August 21, 2014

Statin Adherence Increases Diabetes Cases

I admit I don't understand doctors that feel the risk of type 2 diabetes is secondary to the benefits of statin use. Since they do not take statins they have no concern about developing diabetes and therefore they make these statements with no thought about the costs or problems of diabetes.

Yet these doctors still insist the benefits of statins in reducing cardiovascular events clearly overwhelm the diabetes risk. The critical error in the study is that they do not report on cardiovascular events so the study is weighed for the results they wanted to report.

The risk of new-onset diabetes increases with increasing adherence to statin therapy, according to a study published online June 26 in Diabetes Care.

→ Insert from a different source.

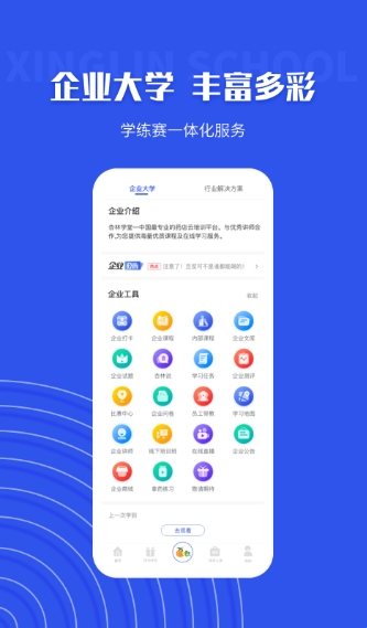 2、进入企业大学,查看各种企业课程内容,在线对企业进行测评,学习更多企业经营知识。
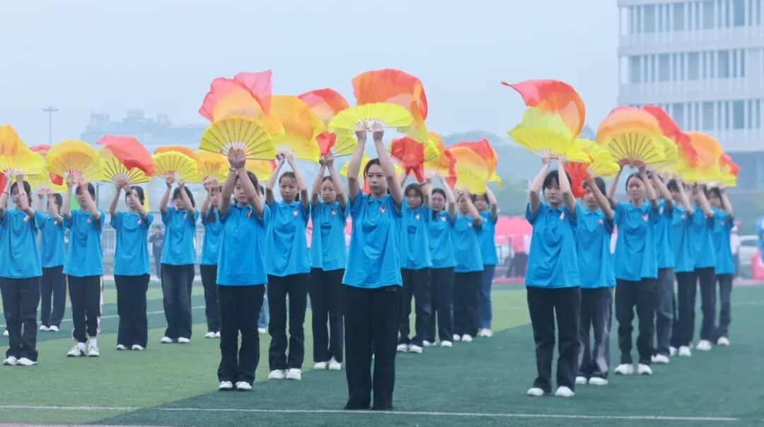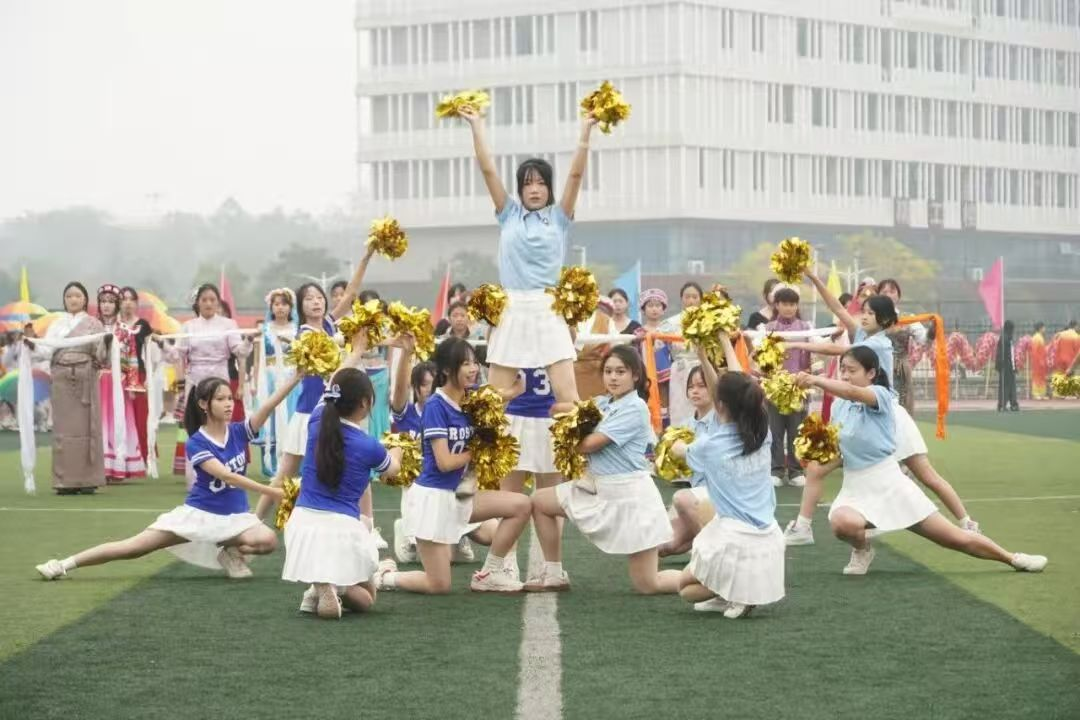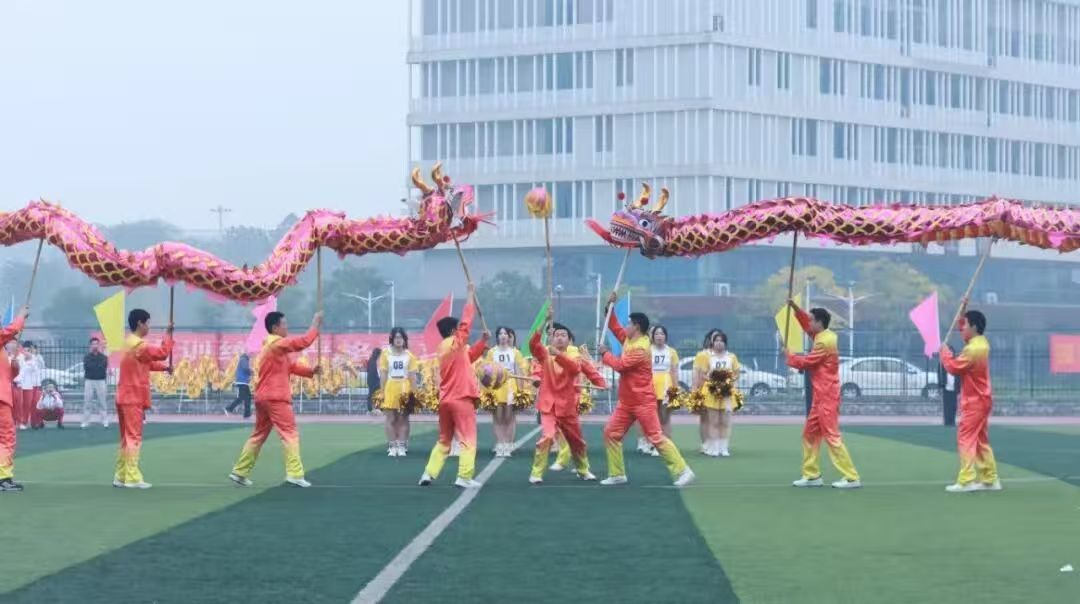 开幕式上,各二级学院献上了多元艺术盛宴,将青春活力与文化韵味交织成最动人的风景。啦啦操队伍踏着鼓点跃动入场,绚烂裙摆随利落动作划出青春弧线,每一次高抬腿、每一次集体托举,都洋溢着蓬勃朝气,瞬间点燃全场热情;舞龙队紧随其后,金黄长龙在队员默契配合下盘旋腾跃,龙珠指引间,龙身时而昂首冲天,时而俯身穿梭,传统民俗的磅礴气势在赛场之上震撼绽放;扇子舞方阵则画风一转,数十把彩扇开合间如繁花绽放,队员们舞步轻盈,扇面流转的色彩与整齐划一的队形,勾勒出古典雅致的东方之美都尽显不同民族的文化魅力。开幕式震撼而优美的场面,让全场观众沉浸式感受了多元文化的独特风采。

Giovanni Corrao, Ph.D., from the University of Milano-Bicocca in Italy, and colleagues examined the correlation between adherence to statin therapy and the risk of developing diabetes in a study involving 115,709 residents of the Italian Lombardy region. Participants were newly treated with statins during 2003 to 2004 and were followed from the index prescription until 2010. Patients who began treatment with an antidiabetic agent or were hospitalized for a main diagnosis of type 2 diabetes (outcome) were identified during this period. The proportion of days covered with statins was measured to determine adherence (exposure).

The researchers found that 11,154 cohort members experienced the outcome during follow-up. The hazard ratios for the exposure-outcome association varied with adherence, with hazard ratios of 1.12 for those with low statin adherence (26 to 50 percent); 1.22 for intermediate adherence (51 to 75 percent); and 1.32 for high adherence (≥75 percent), versus very-low adherence (<25 i="" percent="">

About a tenth of the participants developed type 2 diabetes and this does not seem insignificant to me. This leads me to understand why the rate of diabetes is increasing worldwide at such an alarming rate.